74. Merlín y familia, Álvaro Cunqueiro

Quizá mejor que decirla fuera pintarla, la selva de Esmelle, que cae a mano derecha viniendo a este reino por la banda de León. El camino que yo llevé hasta el campo de las Colmenas se adentra subiendo vuelta a vuelta por la fraga de Eirís, que es tan espesa: el camino va por la orilla del río, y cuando gana el llano, donde llaman Paradas, se mete por entre charcos lodaneros hasta donde dicen Fontigo, que es una puente baja de madera, en la que es muy sabroso oír el trote corto de los caballos de los viajeros que van y vienen, camino de Belvís. Los molinos del Fontigo son ahora dos morenas de piedra negra, en las que la hiedra prende y crece, pero yo recuerdo todavía los días en que molían el trigo vallino y el centeno montañés, y había manzanos a lo largo de las presas: el viento tiraba manzanas al agua, y siempre había una docena, verdes o coloradas, bailando en la espuma, gorda y amarillenta, junto a la reja del canal. Siempre ventea en la robleda de Mourás, tan tenebrosa, y el camino tiene prisa en pasarla y en llegar a la abierta campiña de Miranda, a la descubierta de las anchas sementeras, a los barbechos que huelgan las colinas antiguas, a los pastos del Rey... Desde Miranda se ve Esmelle todo alrededor, el castillo de Belvis, la fraga de la Sierpe, la laguna de los Cabos, y de día, casi al pie de la puerta, el humo de las herrerías del Villar. Por la noche, desde Miranda, yo me ponía a ver como se encendían las luces de Belvis en las altas y aparejadas torres, y en comparación con ellas, como posadas en el suelo, las luces del Villar: cuando corría viento de Meira, yo me tenía porque oía las batínadas del mazo de los herreros.

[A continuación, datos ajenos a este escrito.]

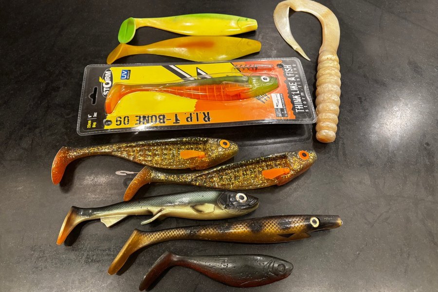 Ett gäng större gummibeten från Wolfcreek,CWC,Storm mfl,nya och ofiskade
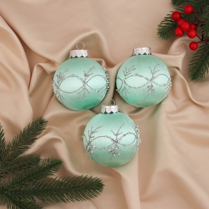 Ёлочные игрушки «Хайдвин», шары новогодние, d=8 см, набор 3 шт., нежность, зелёный
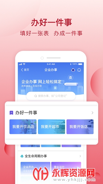 办好一件事:提供主题事项的移动端办理,目前已上线“我要开超市”、“我要开饭店”等八十项办好一件事主题服务。
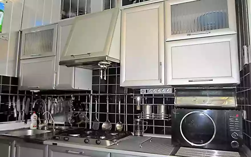 На кухне второй телевизор, варочная панель, эл.вытяжка, большой холодильник, микроволновка, эл. чайник, встроенный фильтр питьевой воды. Есть вся необходимая посуда для приготовления и приёма пищи, моющие средства, бытовые мелочи, а так же чай, соль, сахар, специи.
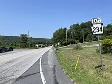 Pennsylvania Route 234 (PA 234) is a 38-mile-long (61 km) state highway located in Adams and York Counties in Pennsylvania. The western terminus is at U.S. Route 30 (US 30) in Franklin Township. The eastern terminus is at PA 462 in West York. PA 234 heads east from US 30 as a two-lane undivided road through rural areas in northern Adams County, passing through Arendtsville before it reaches Biglerville, where it intersects PA 394 and PA 34. The route continues east and has an interchange with the US 15 freeway in Heidlersburg and crosses PA 94 prior to reaching East Berlin, where it intersects PA 194. PA 234 crosses into York County and heads through rural areas in the western part of the county. Right before its eastern terminus at PA 462, PA 234 crosses US 30 on an overpass; however, there is no direct access to the highway. PA 234 was designated in 1928 between US 30 in Franklin Township and PA 194 in East Berlin. The route was extended east from East Berlin to US 30 (now PA 462) west of West York in 1937. The entire route was paved in the 1930s.
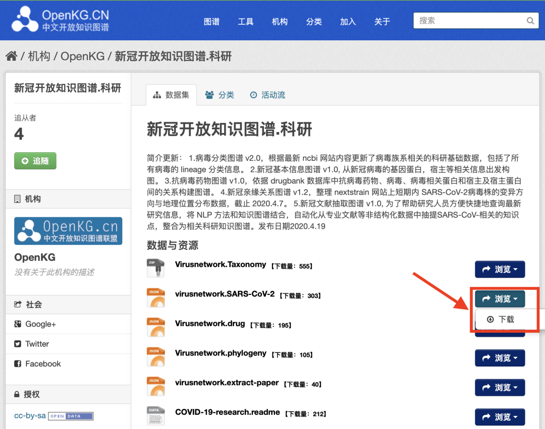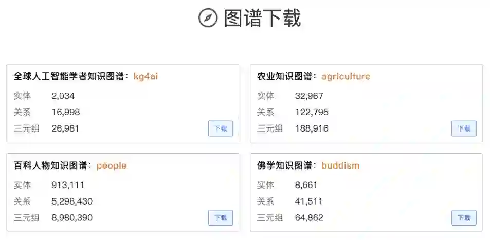 OpenKG旨在构建以中文为基础的开放域知识图谱共享平台,同时促进知识图谱算法模型和工具的开源开放以及知识图谱技术的普及应用。OpenKG旗下包括多个子项目和资源网站,如:
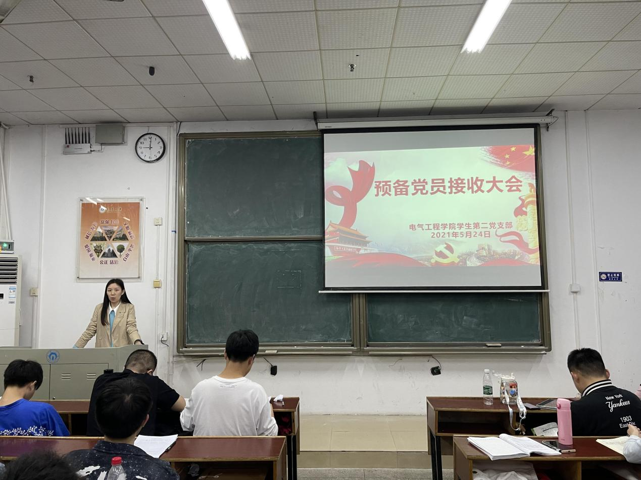 2021年5月24、25日晚19:00,电气工程学院学生第二党支部在南华楼109召开党员大会。参与会议的有支部全体党员、发展对象。会议由组织委员黄晓鹏主持,议题为讨论范灿文、肖庭婷等50名发展对象的接收问题。
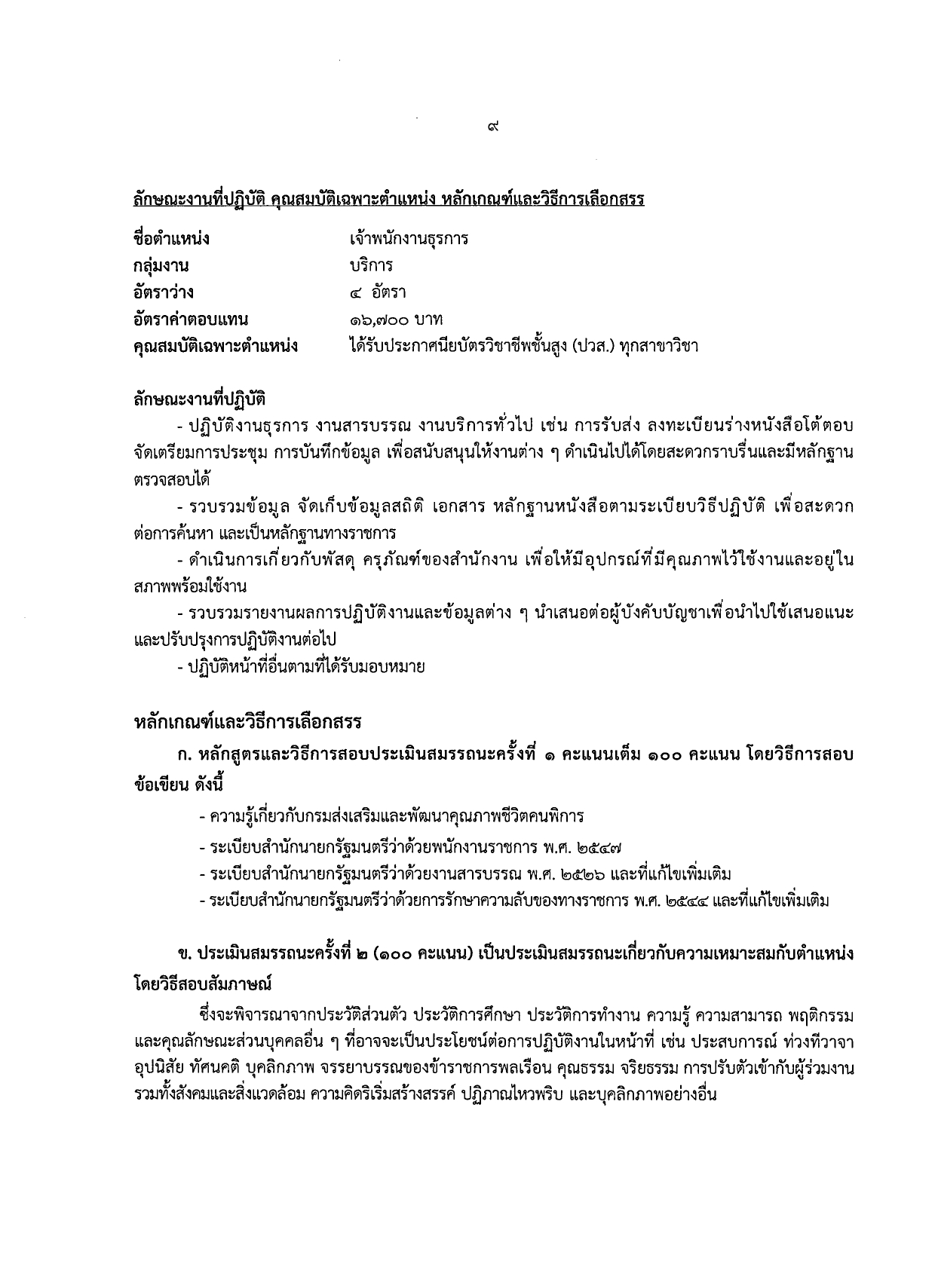 เจ้าพนักงานพัฒนาศักยภาพ (4 อัตรา): จ.ขอนแก่น, จ.อุบลราชธานี, จ.นนทบุรี, จ.ฉะเชิงเทรา
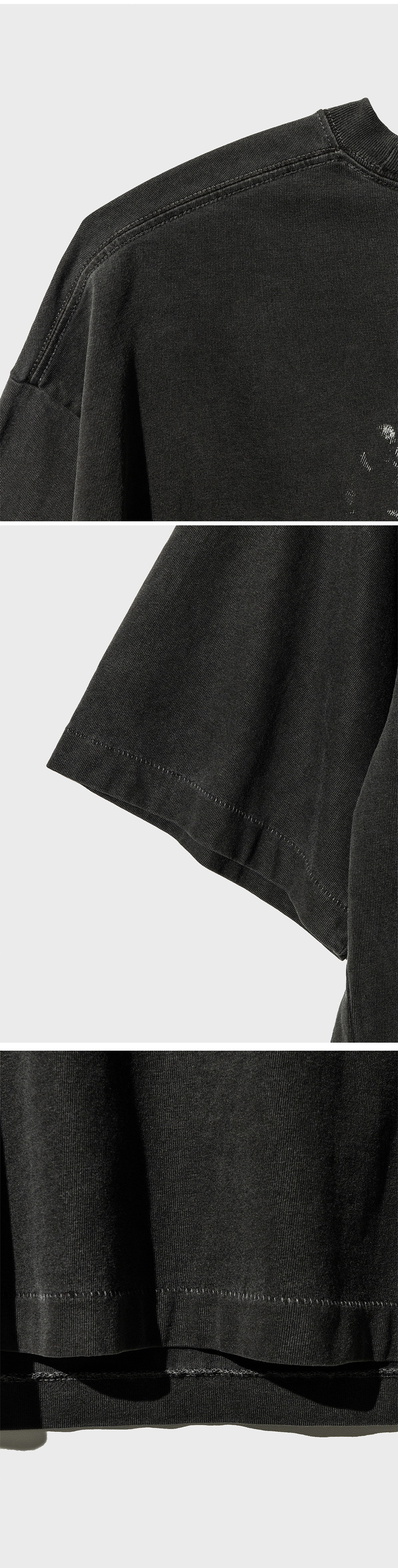100% Cotton, Oversized Silhouette Garment Dyed, 70's Sewing (1needle+3Threads) 100% 면, 오버사이즈 실루엣 70년대 수소봉제, 가먼트다이 밀도 높은 16수 싱글 면 100%의 원단으로 비침이 적고 단단해, 신체 실루엣 보완이 가능합니다. 오버사이징 된 넓은 너비에, 소매가 길어 캐쥬얼하고 편안한 무드가 강한 제품입니다. 70년대 수소봉제 기법으로 소매와 밑단을 마감, 오랜 시간 변형 및 손상을 최소화 하여 활용 가능합니다. 가먼트 다이의 고급스러운 색감으로 마무리 된 제품이며 단단하면서도 부드러운, 훌륭한 터치감을 가집니다. 염색 공법 상 자연스러운 물빠짐이 있습니다. 반드시 착용 전 단독세탁하여 주시고, 시간이 지날수록 물빠짐에 의한 경년변화가 멋진 제품입니다.
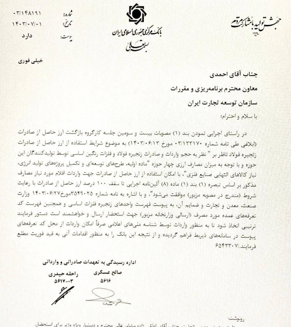 در اجرای بند (۱) مصوبات بیست و سومین جلسه کارگروه بازگشت ارز حاصل از صادرات ابلاغی طی نامه شماره ۰۳/۱۳۳۱۷۰ مورخ ۲۳ خرداد ۱۴۰۳ در خصوص شرایط استفاده از ارز حاصل از صادرات زنجیرههای فولادی، حجم واردات و صادرات زنجیرههای فولادی و فلزات غیرآهنی اساسی توسط تولیدکنندگان این منطقه و متناسب با سطح هزینههای ارزی چهار حوزه اصلی مواد طرحهای توسعه و تکمیل است. از پروژه های تولید انرژی، نیاز به کالاهای قابل اشتعال صنایع فلزی با امکان فوق الذکر هزینه های لازم برای واردات ارز حاصل از صادرات می باشد. به استناد تبصره (۱) بند (۱). بر اساس ماده (۸) آیین نامه اجرایی، حداکثر تا ۱۰۰ درصد ارز حاصل از صادرات با رعایت شرایط مندرج در مصوبه فوق و با استناد به نامه شماره ۳۵۴۹۰۲۵ مورخ ۷ خرداد ۱۴۰۳ موافقت می شود. وزارت صنعت و معدن و بازرگانی و ضمائم به فهرست واحدهای زنجیره فلزات اساسی و فهرست شمارههای تعرفه اصلی گمرکی که برای دعوت توسط وزارت مذکور ارسال میشود، پیوست میشود. لطفاً دستور دهید که برای این منظور از طریق شناسههای ملی، فقط امکان واردات از محل کد، توافق مناسبی انجام شود. تعرفه های ضمیمه در سامانه های مربوطه ارائه شده و نتیجه برای اقدامات آتی سریعاً به اطلاع بانک می رسد.
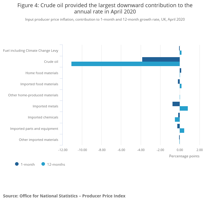 On the month, crude oil also provided the largest downward contribution of 3.82 percentage points, with prices falling by 34.1%. This follows another large monthly drop in crude oil prices of 29.6% in March. These are the lowest the monthly rates have ever been since records began in January 1996.

75. La lluvia amarilla, Julio Llamazares

Cuando lleguen al alto de Sobrepuerto estará, seguramente, comenzando a anochecer. Sombras espesas avanzarán como olas por las montañas y el sol, turbio y deshecho, lleno de sangre, se arrastrará ante ellas agarrándose ya sin fuerzas a las aliagas y al montón de ruinas y escombros de lo que, en tiempos, fuera (antes de aquel incendio que sorprendió durmiendo a la familia entera y a todos sus animales) la solitaria Casa de Sobrepuerto. El que encabece el grupo se detendrá a su lado. Contemplará las ruinas, la soledad inmensa y tenebrosa del paraje. Se santiguará en silencio y esperará a que los demás le den alcance. Vendrán todos esa noche: José, de Casa Pano, Regino, Chuanorús, Benito el Carbonero, Aineto y sus  dos hijos, Ramón, de Casa Basa. Hombres endurecidos todos ellos por los años y el trabajo. Hombres valientes, acostumbrados desde siempre a la tristeza y soledad de estas montañas. Pero, a pesar de ello — y de los palos y escopetas de que, sin duda alguna, han de venir armados—, una sombra de miedo y de inquietud envolverá esa noche sus ojos y sus pasos. Contemplarán también por un instante las paredes caídas del caserón quemado y, luego, el lugar que alguno de ellos señalará ya con la mano en la distancia.